American college football game

The 1959 Sun Bowl featured the New Mexico State Aggies and the North Texas State Eagles.

==Background==
New Mexico State represented the Border Intercollegiate Athletic Association (BAAA) and finished tied for third in Warren B. Woodson's second season as head coach for the Aggies. North Texas State was co-champion of the Missouri Valley Conference with Houston in Odus Mitchell's 14th year. This was the Eagles first bowl game since the 1948 Salad Bowl.

==Game summary==
- New Mexico State - Atkins 57 yard touchdown pass from Johnson (Gaiters run), 14:20 remaining
- New Mexico State - Locklin fumble recovery (run failed), :01 remaining
- New Mexico State - B. Kelly 15 yard touchdown pass from Johnson (Villanueva kick), 4:05 remaining
- New Mexico State - Gaiters 44 yard touchdown run (Villanueva kick), 13:50 remaining
- North Texas State - Christie 51 punt return (Perkins pass from Duty),:01 remaining

Charley Johnson was named Sun Bowl MVP, going 7–of-15 with 124 yards passing and two touchdowns along with 31 yards rushing. Billy Ray Locklin had a defensive touchdown for the Aggies when he recovered a fumble as they led 21–0 at halftime. The Eagles could only muster a second half touchdown by Billy Christle and even though Abner Haynes had 174 all purpose yards, Bob Gaiters put the game out of reach with his 44 yard touchdown.

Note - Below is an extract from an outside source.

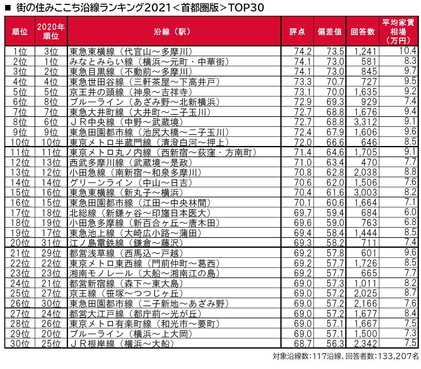 大東建託株式会社(本社:東京都港区、代表取締役社長:小林克満)は、首都圏の117沿線居住の133,207名を対象に、居住満足度調査としては過去にない大規模な本格調査を実施し、今回3回目となる沿線ランキング「いい部屋ネット 街の住みここち沿線ランキング2021<首都圏版>」として集計しました。
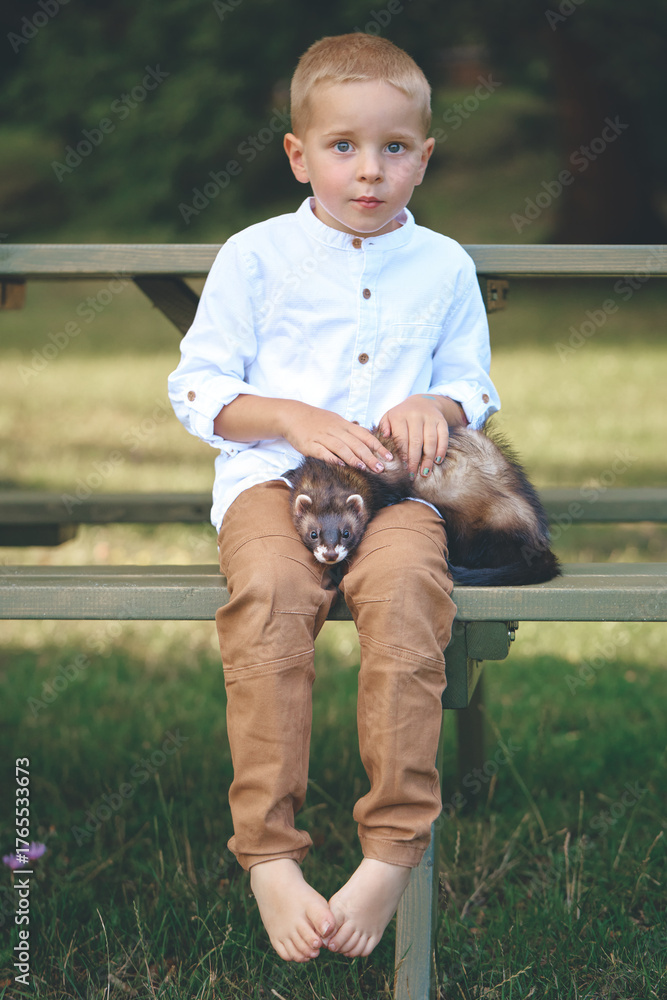 Small boy dressed in shirt posing on bench with ferret in summer camp #1765533673

| Statistics | New Mexico State | North Texas State |
|---|---|---|
| First downs | 18 | 20 |
| Yards rushing | 206 | 152 |
| Yards passing | 136 | 182 |
| Total yards | 342 | 334 |
| Passing (C-A-I) | 8-16-0 | 15-31-2 |
| Penalties-Yards | 8-69 | 5-35 |
| Fumbles-Lost | 4-2 | 8-6 |

==Aftermath==
New Mexico State returned to the Sun Bowl the following season after winning the BIAA once again. Mitchell coached the Eagles for seven more years and won the conference title twice. The program did not reach another bowl game until the 2001 New Orleans Bowl, 42 years later.